On 14 December 2022, the Basel Committee on Banking Supervision published a report on the evaluation of the impact and efficacy of the Basel III reforms.

This report provides the Committee’s first holistic evaluation of the impact and efficacy of the Basel III reforms and how they have affected bank resilience and systemic risk as well as assessing the possible negative side effects on banks’ lending and capital costs. The report also investigates how the different elements of the reforms have interacted, and assesses the framework’s regulatory complexity.

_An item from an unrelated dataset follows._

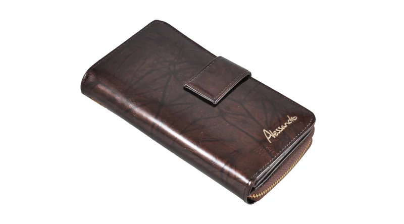 Elegáns, fényes lakkbőrből készült, álló fazonú bőrpénztárca. A tárca egy patentos átkapcsoló fülecskével nyílik. Belül lapozható kártyatartó rész található. A papírpénztartó kettő rekeszes, összesen 15 db kártyatartó hellyel (abból egy "ablakos") és 5 igazolványtartó hellyel rendelkezik (abból egy "ablakos"). A pénztárca hátulján cipzárral nyílik a két rekeszes aprópénztartó; azonfelül egy további kis cipzáros zseb van ide elhelyezve.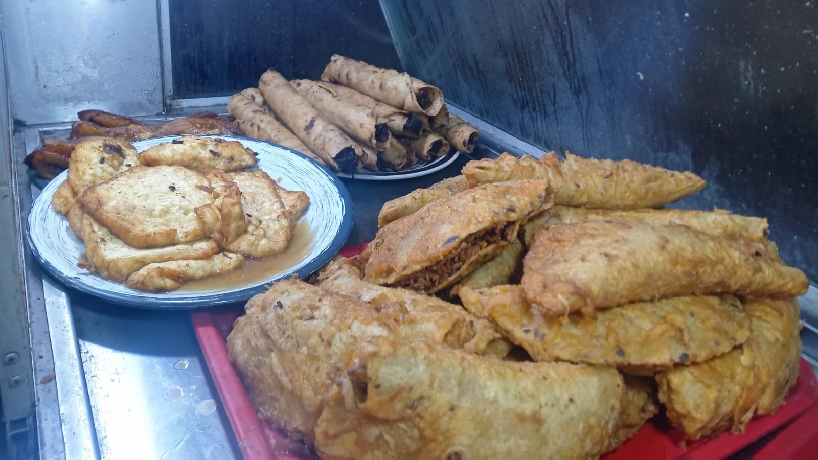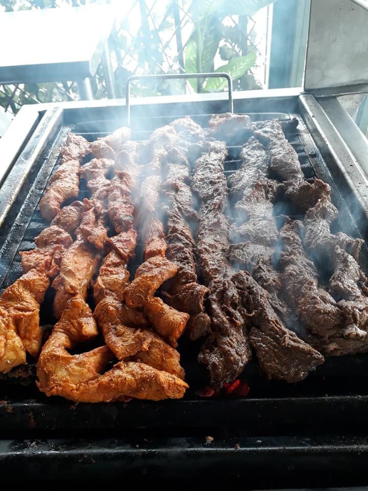 Ellas acondicionaron la cochera de la casa en la que viven para atender a la gente, pusieron seis mesas para que los clientes que lo deseen pueden comer ahí mismo, la parrilla está debajo de un techo ahí mismo y también tienen unas urnas donde están las enchiladas, papas rellenas, plátano maduro con queso y otras delicias.

The report makes the following findings:

  • The gains in resilience were greater for the banks that were more heavily affected by the reforms.
  • Market-based measures of banking-sector systemic risk have improved following the implementation of the reforms, making the financial system less vulnerable to the distress of individual banks.
  • The report finds no considerable evidence of negative effects on banks’ capital costs and lending. Instead, banks that were more heavily affected by the reforms saw a greater reduction in their cost of capital.
  • There was some indication, although no robust evidence, that their lending grew less than that of their peers while overall bank lending expanded in most jurisdictions.

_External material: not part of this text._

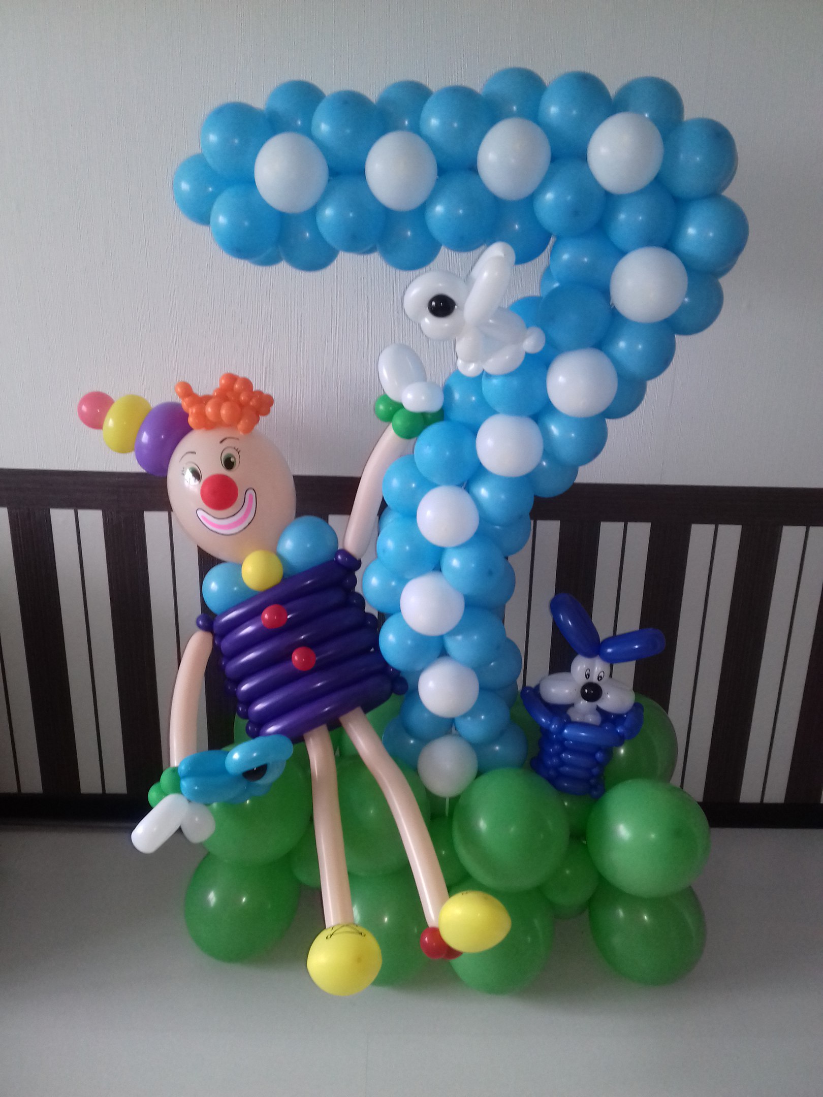 Цифра из воздушных шаров с клоуном. Цвет можно изменить по Вашему желанию

The report also assesses how the components of the reforms have interacted and concludes that the Basel III framework does not suffer from redundant elements. The report acknowledges that Basel III’s more sophisticated and multi-dimensional framework, which was introduced to address a wider variety of risks, results in higher regulatory complexity, but does not assess whether such complexity could be reduced while maintaining bank resilience.